Likely there will be sound/graphics code in here at some point, but this part is not fully planned yet.

GOAL Compiler

The GOAL compiler will target x86-64. At first just Linux. There is a macro language called GOOS which is basically just Scheme but with a few bonus features.

The compiler will reuse a significant amount of code from my existing LISP compiler for x86-64. I have a very bad WIP combination which is capable of building a modified gkernel.gc for x86 as a proof of concept. An important part of the compiler is the test suite. Without tests the compiler will be full of bugs. So every feature should have a good set of tests.

The major components are

• GOAL-IR, a linear intermediate representation for GOAL code

  • "Environment"
  • "Ref"
  • Constant propagation of integers/floats
  • Constant propagation of memory locations
  • Ref in_gpr

• The type system

  • Type inheritance
  • Integer/float/pointer types (value semantics)
  • Reference types
  • Bitfield types
  • 128-bit integer types (EE GPRs are 128-bit when used with MMI instructions, these will become xmm's)
  • Floating point vector types
  • Structure types
  • Inline structures as fields
  • Array access / alignment rules
  • Pointer dereferencing
  • Methods (dynamic and static dispatch)
  • Function arguments/returns
  • Global symbols
  • Type checking
  • Lowest common ancestor
  • Built-in types in the GOAL runtime/C Kernel

• The GOOS Macro Language

  • S-expression parser (the "Reader")
  • Reader text db (for error messages that point to a specific line)
  • Scheme interpreter

• Front-end (convert s-expressions to GOAL-IR)

• Parsing helpers

• Macro expansion

• Control flow/block forms

• Type definitions

• Inline assembly forms

• Function/method call

• Math forms

• Lexical scoping (immediate application of lambda)

• Function inlining (slightly different scoping rules of immediate lambda)

• Function/macro definition

• Static Objects

• Regsiter allocation

• Analysis

• Allocation

• Stack spilling

• xmm and gpr promotion/demotions for EE 128-bit register usage

• Codegen (convert GOAL-IR + register allocations to x86 object file format)

• Linking data

• 64-bit GPR

• 32-bit float

• 128-bit GPR

• 32-bit float x4 vector register

• function prologue/epilogue

• stack spilling

• Listener/REPL

  • Network connection
  • Tracking loaded files
  • Sending code from REPL
  • GOOS REPL option
  • Expand single macro debugging feature
  • Interface for running gtests

Asset Extraction Tool

Not started yet.
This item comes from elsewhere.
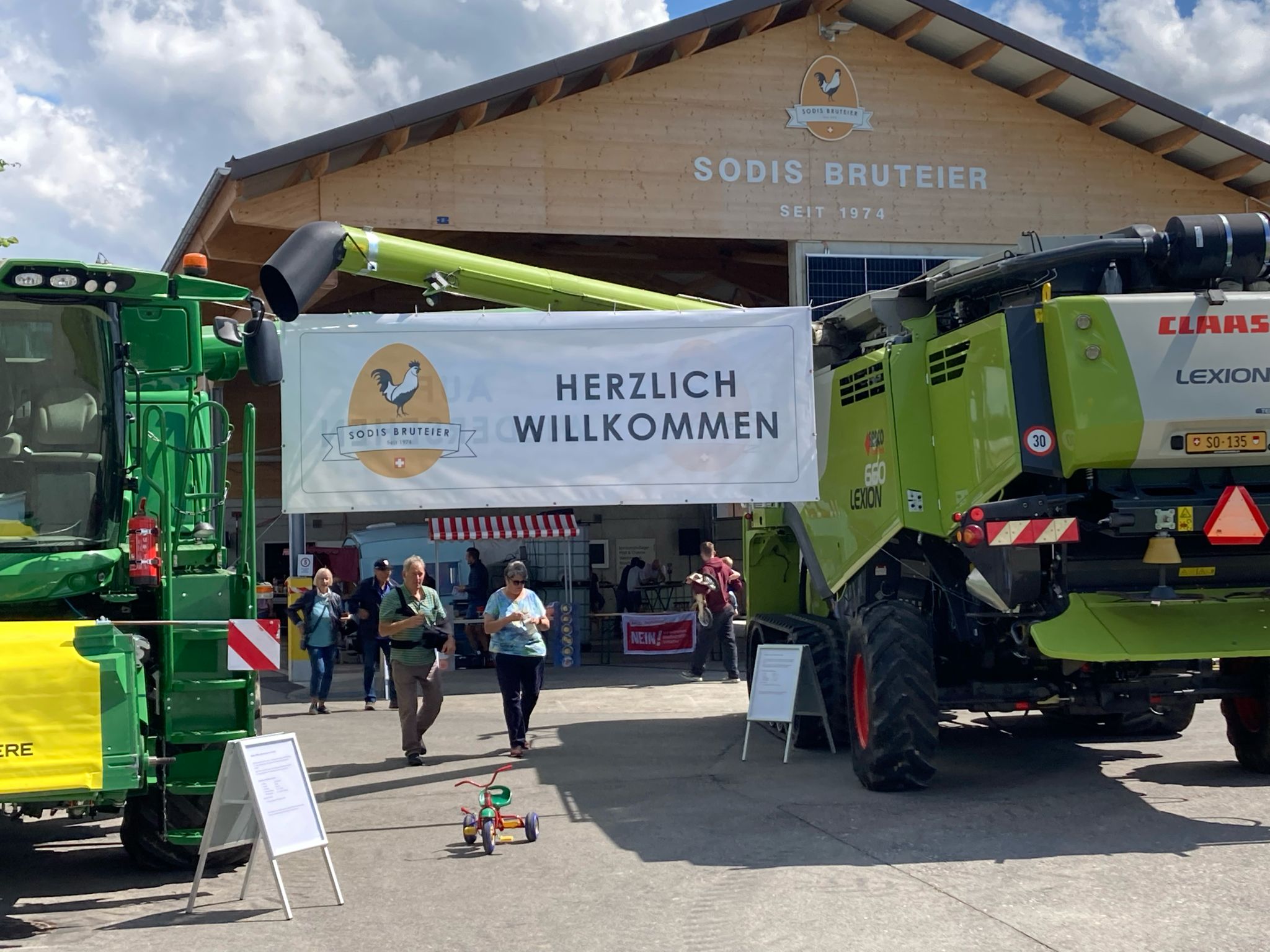 Das Hoffest bei Eberhards stand ganz unter dem Zeichen der Hofvorstellung und des Informationsaustauschs. Der Bevölkerung und den Konsumenten wurde aufgezeigt, wie Bruteier als Grundlage der Pouletfleischproduktion produziert werden und wie wichtig dieser Teil für die Ernährung der Bevölkerung ist. Für die Kleinen war eine Hüpfburg und eine Spielecke organisiert, eine reichhaltige Festwirtschaft verpflegte Gross und Klein und viel Wissenswertes wurde an den vier Hofführungen vermittelt. Adrian und sein Vater Walter Eberhard stellten am Hoffest ihren vielfältigen und innovativen Landwirtschaftsbetrieb in Schnottwil vor. Seit 1974 werden auf dem Familienbetrieb als Hauptbetriebszweig Bruteier hergestellt, welche Küken dann für die Pouletmast in Mastställen in der Region bestimmt sind. In den modernen Ställen werden Hühner und Hähne zusammen gehalten, damit die Eier befruchtet werden. Auf rund 10 Hennen gibt es einen Hahn. Im Durchschnitt resultiert eine Befruchtungsrate der Eier von 87 bis 90%. Die Eier werden dann in die Brüterei Wüthrich AG in Belp geliefert. Dort schlüpfen nach exakt 21 Tage die Küken. Bei den Hühnern handelt es sich um die Rasse «ROOS 308». Dies ist eine Kreuzung des weissen (Eierleistung) und braunen (Wachstum/Robustheit) Huhns. Diese Kreuzung erklärt die beige, braune Farbe der Eier.

The simplest version of this tool is just to use the decompiler logic to turn the level/art-group/texture/TXT files into GOAL source code, and copy all STR/sound/visibility files.

File formats:

• Art group (a GOAL object format)
  • There may be more formats related to art groups.
• Texture page (a GOAL object format)
  • Texture page directory (a GOAL object format)
• Level (vis-bt) (a GOAL object format)
• TEXT/*.TXT (text, a GOAL object format)
• MUS (sequenced music)
• SBK (sound bank)
• STR (streaming animation)
• VAG (ADPCM audio)
• VIS (visibility data bitstream)
• Loading screen image
• save game icon (I do not care about this)

Asset Packing Tool

Packs together all assets into a format that can be played. The simplest version to go with the simplest extraction tool will just pass the level/art-group/texture/TXT files to the compiler, and copy STR/sound/visbility files into the fakeiso. Then pack in CGOs/DGOs.